Love Poem to an Avocado from a Tomato
Tonight I wore my bright red suit
and came to the opera
just to see you at the buffet.
Leaning against a cabbage leaf
in a bowl of salad,
your olive skin shimmers
like a river at night.
You dance among carrots, cucumbers,
and wear a crown of alfalfa sprouts like a queen.
I straighten my green necktie and bow to you,
then blush red as my suit
as you glide by in an artichoke's arms
under the rain of a thousand islands.
A parrot joke
A man had a parrot that could talk. Unfortunately, it swore a lot. In an effort to get the parrot to be quiet, he put him in a cupboard. The parrot continued swearing and after a while the man decided to put the bird in the freezer. Once inside the freezer, the parrot started swearing even more, until, after a few minutes, he suddenly became quiet. The man opened up the freezer and the parrot said, "I'm sorry, sir, it will never happen again." As the man took the bird out of the freezer he wondered what the difference was between the cupboard and the freezer. Just then, the parrot said, "So, uh, what'd the chicken do?"
About a dog
With two dogs sleeping on the futon beside me, I think of another dog, buried under a large stone in our backyard.

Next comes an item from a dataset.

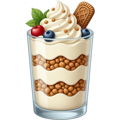 realistic -- tall parfait glass -- layered appearance alternating between whipped cream and crumbled Marie biscuit with cream and fruit emoji

This poem appeared in Seven Beats a Second. It's a sentimental piece but dogs bring that out in me.
a dog we hardly knew
found just last week
in a busy parking lot,
she jumped into the car
when I opened the door
and didn't want to leave
so she rode home with me,
looking out the window
at everything we passed,
black eyes afire with
only days later,
with the quickness
of a winter night falling,
some dark disease
has came over her
and now her shimmering eyes
are dull and confused
she can no longer stand on her own
so we hold her in our arms,
wrapped in an old shirt of mine,
as she grows by the hour weaker
I checked on her a minute ago
and found her gone from the little nest
we made for her in a chair on the patio
I took a flashlight
from beneath the sink
and began to search the yard,
then quickly found her,
huddled against the fence
beneath some climbing ivy
she's been to that same place
three times today
it's the place she's chosen to die,
I think, so I left her there,
covered with towel for warmth,
giving her some comfort
at the lonely end
of her short puppy life
your stay with us so brief
we never settled on a name
And that's it for this time around. I'll be back next week with something special for Halloween.
( mini-rant addendum: I'm not exactly sure where in Big Bend Park the picture above was taken, but I think the little Mexican village you can see in the distance is Boquillas. Formerly accessible by way of a tiny, one-car, hand-poled ferry, residents of this village made a fair living, especially considering how godawful far they are from anything else in either Mexico or the US, selling craftwork to park visitors who crossed the river on the ferry. This small crossing was one of a number closed in the name of homeland security. Since no terrorist, alleged terrorist, unlawful combatant or Arab looking guy with shifty looking eyes who has been captured or killed in the United States in the name of homeland security came to the country by any means other than legal, you have to feel some sorry for these poor people who lost their principle means of subsistence as scapegoats for the bureaucratic ineptitude of the US government.)